# SUSPICIOUS GOBBLER-NEED HELP!



## Skipjack

I opened the season in Alabama yesterday poorly. I heard a deep gobble at daylight and eased up to within 150 yards and set up. The gobbler continued to gobble every couple of minutes until I made my first yelp. At that point he shut up tight and did not make another sound! I tried several callers and different calls every 15 minutes or so...not a peep. After about 45 minutes of silence, I figured maybe he had flown down and found some hens, so I moved slowly to where I had heard him gobble. He was still in the tree and flushed as I approached! I'm afraid I have made tough gobbler even tougher with my blundering. Any thoughts would be appreciated.


----------



## buckseye

Probaly isn't quite ready for breeding season yet


----------



## Sasha and Abby

Welcome...

Try him again. I worked birds yesterday that never made a sound, but came in to 35 yards. Two jakes and some hens.

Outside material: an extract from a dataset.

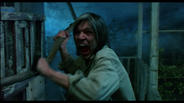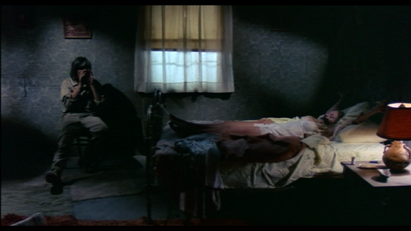 Logiquement, on ne saura rien de se dernier. Tout juste pourra-t-on comprendre au milieu de ses marmonnements qu’il doit être un vétéran de la guerre du Vietnam. A l’inverse de la famille de Massacre à la tronçonneuse, le personnage n’est pas franchement là pour se poser comme le produit d’une Amérique dégénérée. Il est juste cet animal étrange au comportement imperceptible semblant à la fois enchanté et terrifié par les atrocités qu’il commet (l’interprétation de Neville Brand est parfaite en ce sens). Il n’y a donc pas d’explication à ses agissements, si ce n’est cet instinct animal. Bien qu’il tienne un motel censé accueillir les voyageurs, le dénommé Judd ressemble à un animal qui lutte pour la protection de son territoire. Alors que les choses commencent à sentir le roussi pour lui, on le voit recroquevillé dans son salon. La femme qu’il a ligotée se démène en cognant le battant du lit contre le mur, un couple fait l’amour au rez-de-chaussée et une fillette cachée dans les combles exprime pleinement sa panique. Judd se sent complètement oppressé par cette invasion de son environnement. Cela expliquerait son animosité particulière envers Buck. Si il n’est pas le seul personnage à être assimilé à un animal (le père de famille joué par William Finley aboiera comme un chien face aux humiliations de sa femme), Buck est absolument rabaissé au rang de bête en raison de son appétit sexuel. Bien qu’il ne soit pas de la même race, il est un véritable égal animalier à Judd et donc une menace évidente pour lui. Lorsque Judd affirmera sa domination sur Buck en le jetant en pâture au crocodile, il ne pourra s’empêcher de lâcher « il mange de tout… même toi ! ». Il rappelle par là à quel point il est naturel pour les animaux de se dévorer entre eux.

There may have been a coyote or bobcat under the birds tree...


----------



## growlernc

Did about the same thing two years ago. He shock gobbled at some fly-over geese while still on the roost. Gobbled at my yelps and it sounded like he flew down after I did a mock hen fly-down. Waited about 40 minutes and he never showed nor gobbled again. Figgured he must of scored a hen and wandered off with her. Got up to move and guess what....down out of the tree he comes and away he goes! Never did get a second chance at him. Anymore, if the tom won't come in on his own I leave well enough alone and try again another day. One thing that worked last year was to do the normal hen fly-down sequence, fake wing flaps and all, wait a minute or so and yelp then follow-up with an aggressive gobble. Just might piss the ole boy off enough to run off the interloper.


----------



## iwantabuggy

If he is roosting in the same tree every night, try slipping in real close about 2 hours before light. Maybe even sit under the tree he is in (be real quite). He may hit the ground in range when he does finally fly down.


----------



## Trigger259

Thats a great question! Two years ago my dad was callin a little after first light and had a bird gobble, so he called again nothing, and again nothing, then one last time nothing. He did this 3 days straight. Finally the fourth day he went out, him and his buddy went to the same exact spot as the past couple days. Being the smart hunter he is, he told his buddy not to call even if a bird gobbled and he would do the same. And wouldnt you know it, that bird gobbled and flew down, 10 minutes later my dad touched off a 3 1/2 inch mag out of his 835 and there was meat on the ground. So what im saying is don't call to him. :wink:


----------



## saveaduckkillaskybuster

from what you are sayin it sounds like someone had been in their before the season opened and played with that bird. probably the only way to kill him is to find his travel routes cut him off, make no calls, just scratch in the leaves.


----------



## Cleankill47

If he's been pestered or educated, you might be able to get him to gobble using a shock caller. Try squirrel or crow mouth calls. If he flies down and responds, then try to get him to come to you using a call you haven't used yet, as he may remember your previous calls. The Lonesome Hen pushrod call seems to be about right for drawing them in close, and they only run about $15. Hope this helps.


----------



## PurcellSportingGoods

I had something very similar happen to me a couple years ago...except before I could get up and move I seen the tom up in the tree off in the distance...it was mid morning and he was just sitting up there....well eventually he flew down and no more than 10 mins. later...someone took a shot that was between the bird and I.....gotta watch those game lands...sometimes they have people everywhere.


----------



## Triple B

did you call too loudly when you first started, usually when we have a treed tom in the morning, we will get as close as we can, and call VERY,VERY queitly, turkeys have great hearing and if you call too loudly at close ranges they know somethings up, usually the tom will think the call is farther away than it is and will start that direction, even if he has no intent on going all the way to where he THINKS the call is coming from, its too late he's already came within range of us. mmm, mmm turkey soup!


----------



## PAwoodsman

Skipjack,

From what you are saying I would think that the bird is either gun shy or henned up.
I did kill a bird like that once, but I did it without ever making a noise on a call. I knew the bird I wanted to kill was going to go to a field about 200yds. west of where he was roosted. I got there when he was still on the roost, hid myself, got comfortable, and waited. I agree this sucked, but it was well worth it when the gobbler stepped into shotgun range at about 9:15.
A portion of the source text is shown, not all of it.